PROBLEM REQUIREMENTS
Look through the entries below and copy exactly the part that begins with the line containing "Quadro em vidro" and ends with the line containing "Асимметричный тренч с". Do not copy the pictures.

====== SUPPLIED DATA ======

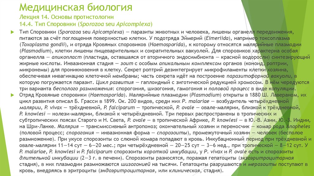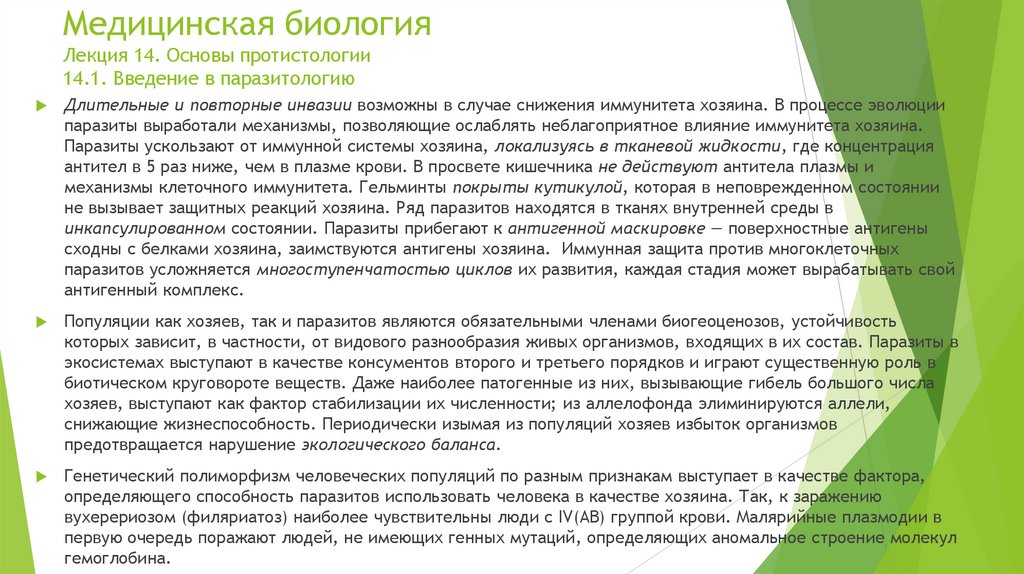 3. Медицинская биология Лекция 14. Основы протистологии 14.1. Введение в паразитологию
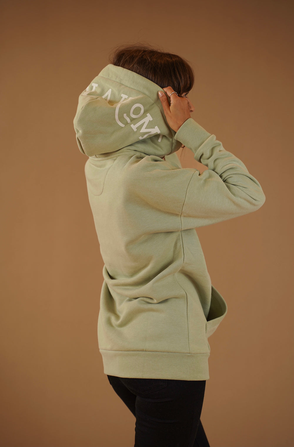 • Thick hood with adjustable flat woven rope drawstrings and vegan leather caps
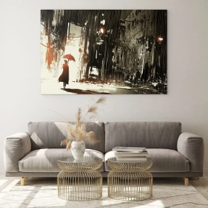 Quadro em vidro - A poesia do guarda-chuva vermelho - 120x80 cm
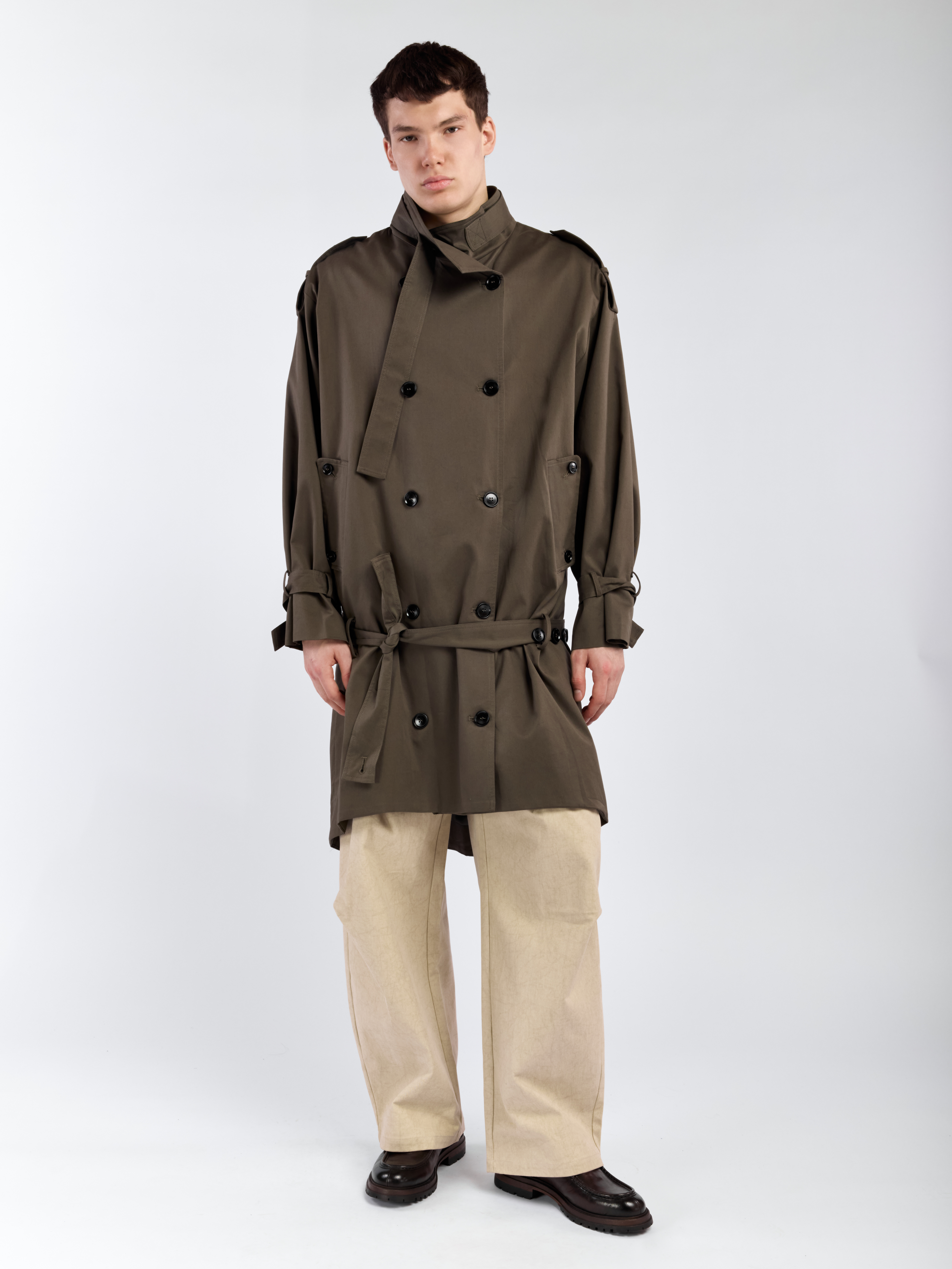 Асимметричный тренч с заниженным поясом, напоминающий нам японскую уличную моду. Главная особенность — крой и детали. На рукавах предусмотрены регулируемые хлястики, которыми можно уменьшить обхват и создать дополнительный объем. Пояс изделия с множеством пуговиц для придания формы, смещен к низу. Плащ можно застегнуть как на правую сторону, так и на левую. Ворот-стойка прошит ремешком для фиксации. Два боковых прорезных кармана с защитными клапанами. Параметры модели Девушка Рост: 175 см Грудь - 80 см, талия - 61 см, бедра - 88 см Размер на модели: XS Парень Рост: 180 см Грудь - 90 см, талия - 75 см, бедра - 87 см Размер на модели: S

======
====== SUPPLIED DATA ======

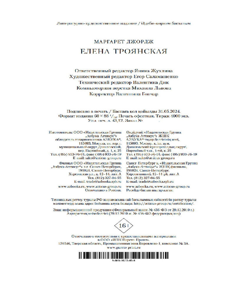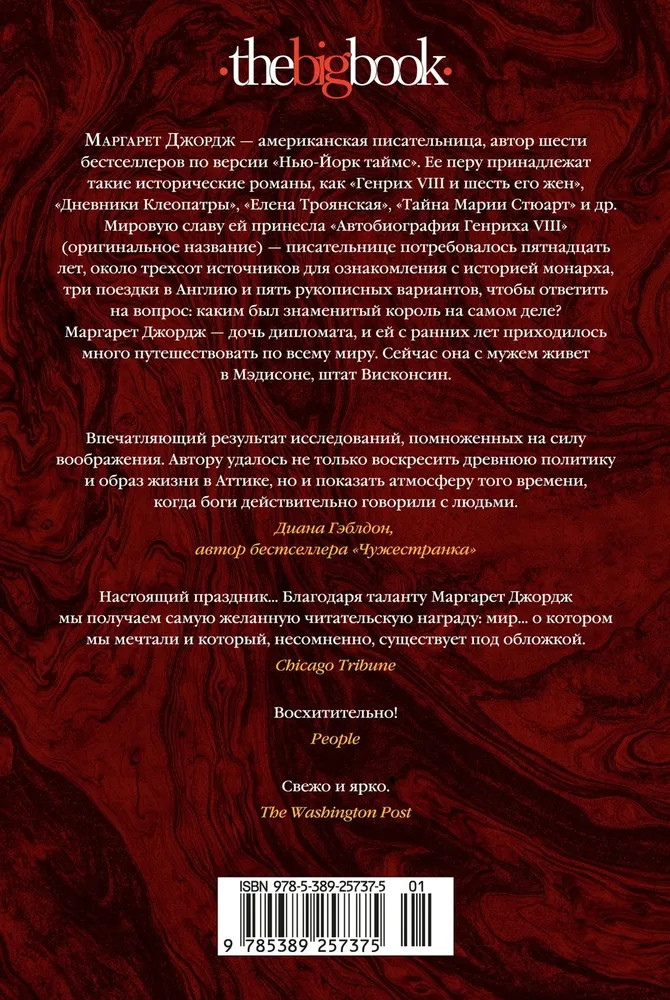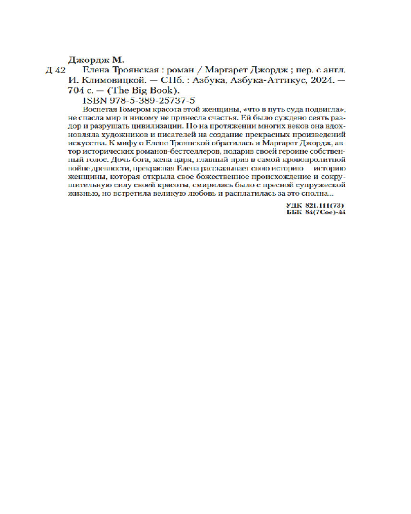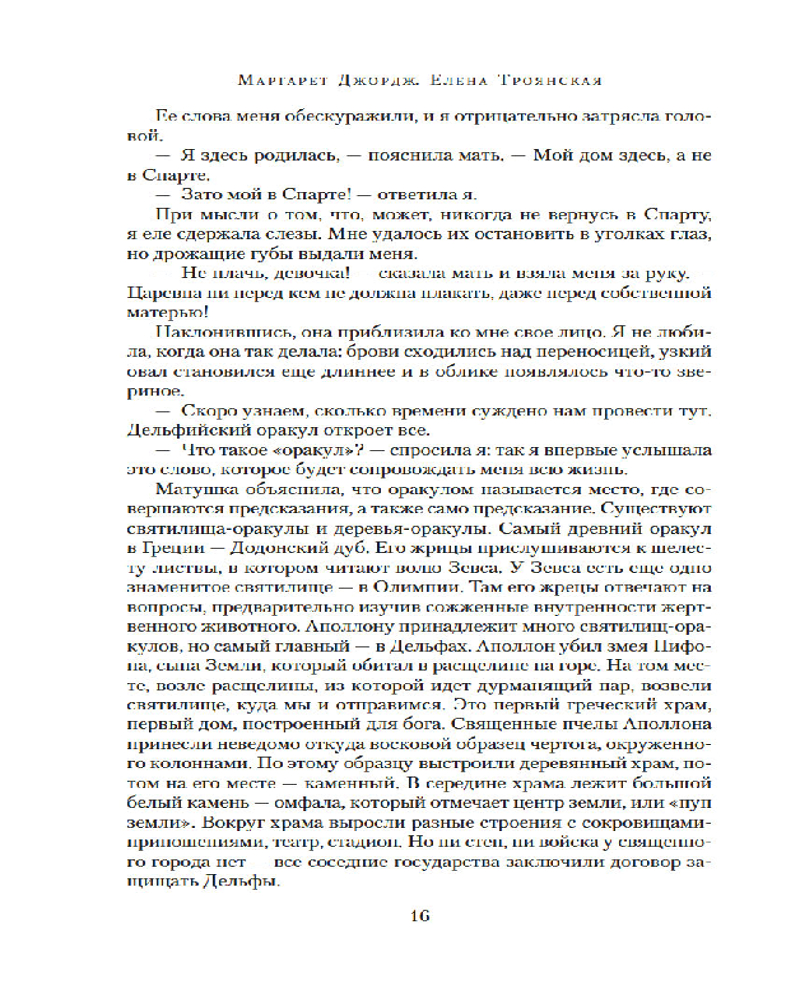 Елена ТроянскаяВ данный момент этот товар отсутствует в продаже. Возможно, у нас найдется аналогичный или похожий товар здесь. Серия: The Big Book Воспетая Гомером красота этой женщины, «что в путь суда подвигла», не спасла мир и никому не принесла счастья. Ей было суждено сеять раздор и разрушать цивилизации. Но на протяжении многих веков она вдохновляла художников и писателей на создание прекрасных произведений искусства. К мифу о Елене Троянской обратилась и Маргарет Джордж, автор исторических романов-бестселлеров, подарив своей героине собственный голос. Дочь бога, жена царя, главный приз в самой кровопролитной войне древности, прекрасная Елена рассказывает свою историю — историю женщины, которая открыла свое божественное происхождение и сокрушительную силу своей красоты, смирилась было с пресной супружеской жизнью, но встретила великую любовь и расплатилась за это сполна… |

======
====== SUPPLIED DATA ======

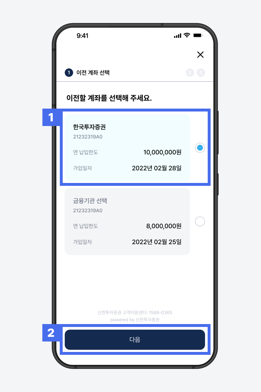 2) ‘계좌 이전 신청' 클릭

======

ANSWER SPACE
 Quadro em vidro - A poesia do guarda-chuva vermelho - 120x80 cm
 Асимметричный тренч с заниженным поясом, напоминающий нам японскую уличную моду. Главная особенность — крой и детали. На рукавах предусмотрены регулируемые хлястики, которыми можно уменьшить обхват и создать дополнительный объем. Пояс изделия с множеством пуговиц для придания формы, смещен к низу. Плащ можно застегнуть как на правую сторону, так и на левую. Ворот-стойка прошит ремешком для фиксации. Два боковых прорезных кармана с защитными клапанами. Параметры модели Девушка Рост: 175 см Грудь - 80 см, талия - 61 см, бедра - 88 см Размер на модели: XS Парень Рост: 180 см Грудь - 90 см, талия - 75 см, бедра - 87 см Размер на модели: S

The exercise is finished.